Supplied data:
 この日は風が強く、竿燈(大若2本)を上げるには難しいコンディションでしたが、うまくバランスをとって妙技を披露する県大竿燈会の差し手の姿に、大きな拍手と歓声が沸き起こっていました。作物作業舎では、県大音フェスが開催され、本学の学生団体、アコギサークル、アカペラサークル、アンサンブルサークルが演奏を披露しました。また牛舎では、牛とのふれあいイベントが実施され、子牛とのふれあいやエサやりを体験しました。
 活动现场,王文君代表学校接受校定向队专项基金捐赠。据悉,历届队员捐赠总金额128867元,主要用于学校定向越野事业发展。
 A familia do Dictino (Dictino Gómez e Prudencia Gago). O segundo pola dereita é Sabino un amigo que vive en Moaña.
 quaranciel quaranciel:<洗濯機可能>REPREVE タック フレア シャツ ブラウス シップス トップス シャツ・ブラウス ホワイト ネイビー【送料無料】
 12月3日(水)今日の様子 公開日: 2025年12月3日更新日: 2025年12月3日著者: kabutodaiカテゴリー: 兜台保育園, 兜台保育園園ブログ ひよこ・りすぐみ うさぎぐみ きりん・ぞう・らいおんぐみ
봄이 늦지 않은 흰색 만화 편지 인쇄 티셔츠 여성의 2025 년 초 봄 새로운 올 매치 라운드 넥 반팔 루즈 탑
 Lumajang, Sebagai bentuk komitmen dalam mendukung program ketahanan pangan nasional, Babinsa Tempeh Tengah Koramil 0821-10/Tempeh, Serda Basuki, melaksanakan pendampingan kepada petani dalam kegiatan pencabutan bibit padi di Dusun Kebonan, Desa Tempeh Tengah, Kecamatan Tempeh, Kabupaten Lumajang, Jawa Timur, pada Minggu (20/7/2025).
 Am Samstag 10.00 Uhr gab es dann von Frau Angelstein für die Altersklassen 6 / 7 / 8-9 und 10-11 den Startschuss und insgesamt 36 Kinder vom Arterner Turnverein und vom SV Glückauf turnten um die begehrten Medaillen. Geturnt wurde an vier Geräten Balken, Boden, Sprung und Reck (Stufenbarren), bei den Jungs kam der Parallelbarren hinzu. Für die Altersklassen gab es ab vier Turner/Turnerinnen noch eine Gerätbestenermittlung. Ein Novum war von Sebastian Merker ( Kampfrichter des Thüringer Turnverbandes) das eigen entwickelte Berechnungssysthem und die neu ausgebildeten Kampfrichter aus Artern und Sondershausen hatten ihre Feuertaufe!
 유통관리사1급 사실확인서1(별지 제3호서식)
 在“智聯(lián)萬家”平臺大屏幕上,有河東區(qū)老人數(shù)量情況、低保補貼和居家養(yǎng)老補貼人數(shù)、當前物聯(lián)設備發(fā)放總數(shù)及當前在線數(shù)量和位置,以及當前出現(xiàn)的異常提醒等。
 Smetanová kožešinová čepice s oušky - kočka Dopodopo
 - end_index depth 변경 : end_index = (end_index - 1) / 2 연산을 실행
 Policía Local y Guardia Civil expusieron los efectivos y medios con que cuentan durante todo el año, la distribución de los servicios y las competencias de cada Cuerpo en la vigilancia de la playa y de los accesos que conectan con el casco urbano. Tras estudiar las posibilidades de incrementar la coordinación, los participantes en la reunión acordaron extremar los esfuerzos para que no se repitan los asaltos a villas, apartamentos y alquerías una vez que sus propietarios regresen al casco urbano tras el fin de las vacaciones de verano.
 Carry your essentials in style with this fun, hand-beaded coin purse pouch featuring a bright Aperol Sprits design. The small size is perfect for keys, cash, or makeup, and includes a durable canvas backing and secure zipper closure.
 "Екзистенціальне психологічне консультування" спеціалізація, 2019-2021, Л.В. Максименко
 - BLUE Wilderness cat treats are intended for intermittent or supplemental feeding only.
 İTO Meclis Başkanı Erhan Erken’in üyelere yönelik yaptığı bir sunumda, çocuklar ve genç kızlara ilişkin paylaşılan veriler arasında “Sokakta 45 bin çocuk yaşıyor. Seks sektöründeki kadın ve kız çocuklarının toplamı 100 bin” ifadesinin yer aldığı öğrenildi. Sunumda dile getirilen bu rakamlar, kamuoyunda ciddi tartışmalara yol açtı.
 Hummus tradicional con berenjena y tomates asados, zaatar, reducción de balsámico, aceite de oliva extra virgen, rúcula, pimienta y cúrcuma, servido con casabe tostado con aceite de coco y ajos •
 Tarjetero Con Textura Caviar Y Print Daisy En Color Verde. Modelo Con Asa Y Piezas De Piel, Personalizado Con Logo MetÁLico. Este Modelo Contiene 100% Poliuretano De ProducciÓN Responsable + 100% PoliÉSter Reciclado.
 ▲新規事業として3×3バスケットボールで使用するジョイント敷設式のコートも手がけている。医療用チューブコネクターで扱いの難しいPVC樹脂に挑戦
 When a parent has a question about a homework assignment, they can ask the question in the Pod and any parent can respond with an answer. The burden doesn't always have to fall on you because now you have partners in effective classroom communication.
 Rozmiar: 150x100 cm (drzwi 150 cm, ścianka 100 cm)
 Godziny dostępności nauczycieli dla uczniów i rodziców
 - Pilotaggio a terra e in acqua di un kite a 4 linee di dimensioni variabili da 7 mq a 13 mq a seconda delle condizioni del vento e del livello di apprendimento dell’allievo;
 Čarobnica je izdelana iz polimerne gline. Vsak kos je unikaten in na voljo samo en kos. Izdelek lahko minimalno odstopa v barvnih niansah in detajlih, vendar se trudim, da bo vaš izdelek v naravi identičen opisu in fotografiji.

Task brief: From the line holding "- Pilotaggio a" to the end of the listing, copy every line exactly, both ends included, and add nothing.

Task response:
 - Pilotaggio a terra e in acqua di un kite a 4 linee di dimensioni variabili da 7 mq a 13 mq a seconda delle condizioni del vento e del livello di apprendimento dell’allievo;
 Čarobnica je izdelana iz polimerne gline. Vsak kos je unikaten in na voljo samo en kos. Izdelek lahko minimalno odstopa v barvnih niansah in detajlih, vendar se trudim, da bo vaš izdelek v naravi identičen opisu in fotografiji.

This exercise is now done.